P. Theo Aperdannier: Traumapastoraat bij de brandweer

Mijn activiteit in traumapastoraat begon in januari 1998. De deken van Saarlouis, waartoe ook ons klooster behoorde, probeerde pastores te vinden voor “pastorale zorg bij de brandweer, ongevallenhulp en rampenbestrijding”. Omdat gesprekspastoraat een pastoraal speerpunt is van onze kloosterorde en mijn broer en twee neven mij een beetje inzicht gaven in rampenbestrijding, nam ik contact op. De deken en de brandweerinspecteur  hebben toen de zielzorgers, die zich bij mij hadden aangemeld, verdeeld over verschillende eenheden. Als gast nam ik nu deel aan de oefeningen. Het eerste wat me te doen stond, was het overwinnen van enkele vooroordelen. Een groep zei bijvoorbeeld:  Pastores? Die zijn toch alleen nodig voor de zwakken.? Maar we zijn taaie jongens. Wil de kerk nu de dienst uitmaken bij de brandweer? Godzijdank werd deze scepsis snel overwonnen. Na ongeveer zes maanden werd mij na een oefening  gevraagd of ik actiever wilde worden. In deze uitnodiging zag ik een blijk van vertrouwen die ik graag accepteerde. Er volgende een tijd van training en opleiding:  zowel de basisopleiding voor brandweerlieden als cursussen voor de pastorale inzet als zodanig

Maar hoe ziet het werk eruit? Ik wil beginnen met de aangename delen. Belangrijk is het motto ‘blijf in gesprek’. Daarom ga ik naar brandweerdagen, wedstrijden en oefeningen. Als pastor bij de brandweer kan ik met iedereen praten en met iedereen om de tafel gaan zitten.
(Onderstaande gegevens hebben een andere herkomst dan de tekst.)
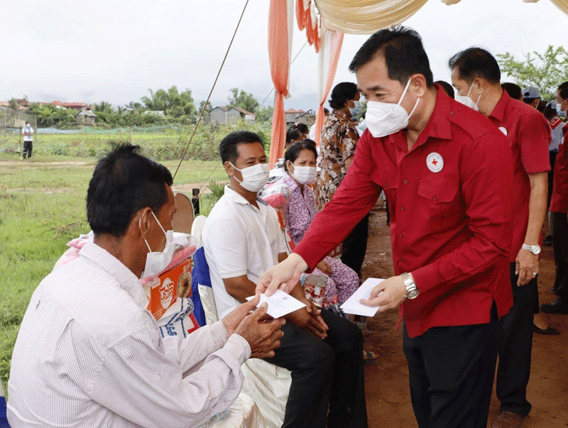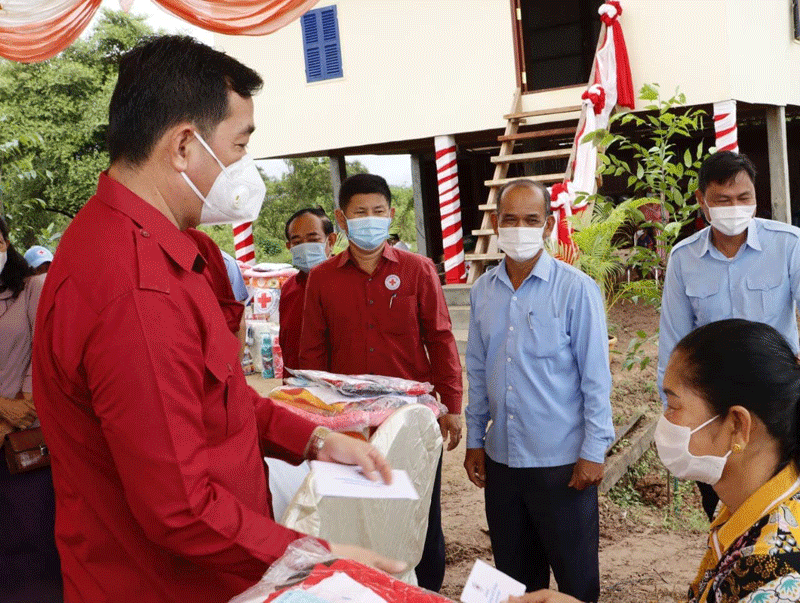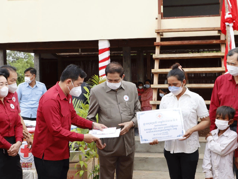 ជាមួយគ្នា នោះ សាខាកាកបាទក្រហមកម្ពុជា បានផ្តល់ជូនអំណោយមនុស្សធម៌ ជាសម្ភារ គ្រឿងឧបភោគបរិភោគ សម្រាប់សង្កត់ផ្ទះ រួមមាន៖ អង្ករ ៥០kg, មី ២កេស, ត្រីខ ២០កំប៉ុង, ទឹកត្រី ១២ដប, ទឹកស៊ីអ៊ីវ ១២ដប, ឃីត (មុង ភួយ សារុង ក្រមា) ២កញ្ចប់, អាវយឺត ១៦, សម្ភារផ្ទះបាយ និងសម្ភារប្រេីប្រាស់ក្នុងផ្ទះ ចំនួន ២៧មុខ ព្រមទាំងថវិកា ២០០.០០០រៀល។ បន្ថែមពីនេះ ឯកឧត្តម ហ៊ុន ណេង ក៏បានឧបត្ថម្ភបន្ថែមចំនួន ២លានរៀល។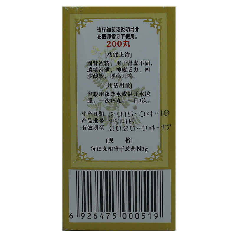 主治精滑不禁、真元亏损、梦遗滑精、盗汗虚烦、腰痛耳鸣、四肢无力。
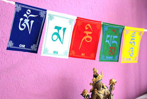 Om Mani Large Velvet Prayer Flag-5 sheets

Ik hoor veel verhalen uit de “goede oude tijd”. Daarin wordt over heldhaftige gevechten met het vuur gesproken, maar er komen ook meer zinvragen aan de orde. Iemand raakte bij een inzet ernstig gewond, bijvoorbeeld, en stelt vast: Toen had ik een gesprekspartner kunnen gebruiken. Deze gesprekken brengen me op ideeën over wat nu nodig is. Of ze vergemakkelijken het contact en de communicatie.  Als ik alleen maar telefonisch contact zou hebben, zou ik minder deuren open vinden. Ook achter de uitnodiging voor een biertje of achter het aanbod om mij iets te laten zien op de brandweerwagen kan de behoefte schuilen aan een persoonlijk gesprek. Aan de buitenkant kan iemand dan een ‘sterke man’ zijn, terwijl hij indirect toch kan spreken over zaken die hem dwars zitten.
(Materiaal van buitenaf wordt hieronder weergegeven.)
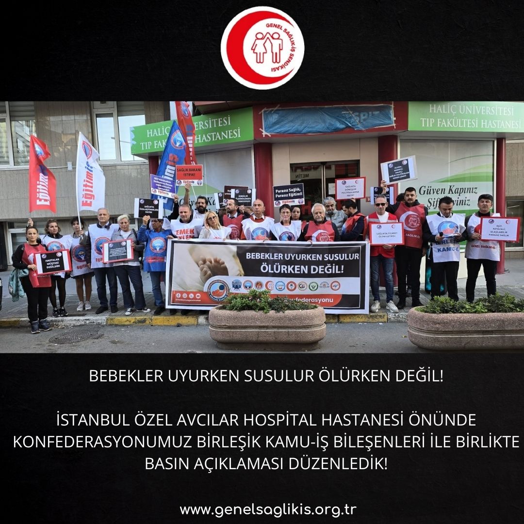 İstanbul Özel Avcılar Hospital Hastanesi önünde Konfederasyonumuz Birleşik Kamu-İş bileşenleri ile birlikte basın açıklaması düzenledik. Sendikamız Genel Sağlık-İş Genel Başkanı Dr. Derya Uğur’un okuduğu basın açıklaması şu şekilde: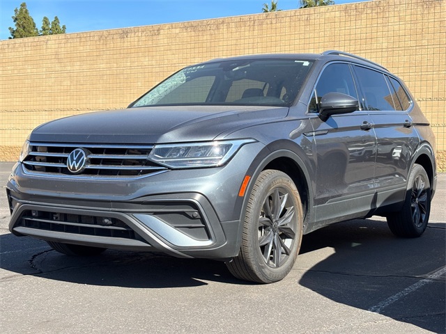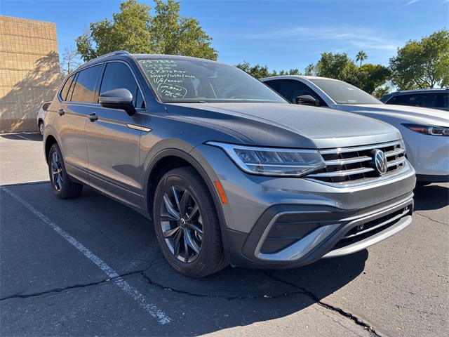 Serving The Valley For Over 40 Years! This Volkswagen Tiguan is equipped with the following features: Panoramic Sunroof Package, 3-Row Rubber Monster Mats w/Logo Kit (Set of 5), 3.33 Axle Ratio, 3rd row seats: bench, 4-Wheel Disc Brakes, 4-Wheel Independent Suspension, 6 Speakers, ABS brakes, Air Conditioning, Alloy wheels, AM/FM radio: SiriusXM with 360L, Auto-Dimming Rear-View Mirror, Auto-dimming Rear-View mirror, Automatic temperature control, Brake assist, Bumperdillo Rear Bumper Protection Plate in Chrome, Bumpers: body-color, Compass, Delay-off headlights, Driver door bin, Driver vanity mirror, Dual front impact airbags, Dual front side impact airbags, Electronic Stability Control, Emergency communication system: Car-Net, Exterior Parking Camera Rear, Four wheel independent suspension, Front anti-roll bar, Front Bucket Seats, Front Center Armrest, Front dual zone A/C, Front reading lights, Fully automatic headlights, Heated door mirrors, Heated Front Comfort Seats, Heated front seats, Heavy Duty Trunk Liner w/VW CarGo Blocks, Illuminated entry, Leather Shift Knob, Low tire pressure warning, Luggage Net, Occupant sensing airbag, Outside temperature display, Overhead airbag, Overhead console, Panic alarm, Passenger door bin, Passenger vanity mirror, Perforated V-Tex Leatherette Seating Surfaces, Power door mirrors, Power driver seat, Power Liftgate, Power Rear Liftgate Delete, Power steering, Power windows, Radio data system, Radio: MIB3 Composition Media AM/FM/HD, Rain sensing wipers, Rear anti-roll bar, Rear reading lights, Rear seat center armrest, Rear Sensors Delete, Rear window defroster, Rear window wiper, Remote keyless entry, Roof rack: rails only, Security system, Speed control, Speed-sensing steering, Split folding rear seat, Spoiler, Steering wheel mounted audio controls, Tachometer, Telescoping steering wheel, Tilt steering wheel, Traction control, Trip computer, Turn signal indicator mirrors, Variably intermittent wipers, and Wheels: 18" Dark Graphite 10-Spoke Alloy.

Bij concrete inzet komt het erop aan. Ik wordt erbij gehaald naar aanleiding van concrete situaties: een woning waar een oude dame niet kon worden gereanimeerd; een bedrijfsongeval in een staalfabriek, met doden en gewonden; een huisbrand, met evacuatie en vragen over de toestand na de brand; een verkeersongeluk, waarbij hulpverleners zichzelf en elkaar verwijten maken en waarbij ooggetuigen gechoqueerd zijn.  Als ik geroepen word, bevinden de getroffenen zich in een uitzonderlijke mentale toestand. Wat zij hebben meegemaakt, gaat elk voorstellingsvermogen te buiten. Dan dringen zich beeldspraken op. Een slachtoffer voelt zich bijvoorbeeld als een zwemmer op open zee, die de oever niet meer ziet. Ik ben dan als het ware een lid van de reddingsbrigade, die de wanhopige zwemmer een reddingsboei toewerpt.

In mijn werk onderneem ik geen spectaculaire acties. Het gaat vooral om de aanwezigheid, mijn er-zijn. En dan komen mijn colleges Bijbelse theologie weer bij me boven. Dan herinner ik me aan de God die een stille reisgenoot was voor het volk dat uit Egypte wegtrok.  Of aan de parabel van de barmhartige Samaritaan, die het slachtoffer, over wie hij zich ontfermde, toevertrouwde aan de zorg van een herbergier. Ook ik moet altijd vroeg of laat de zorg aan anderen overdragen. En gelukkig heb ik dan, bij mijn kameraden of mijn medebroeders, een luisterend oor. Dat laatste heb ik ook bij Degene aan wie ik de slachtoffers en hun naasten in gebed toevertrouw. Ik ben dankbaar voor het netwerk van medemensen dat God mij heeft gegeven en waarop ik telkens weer kan terugvallen.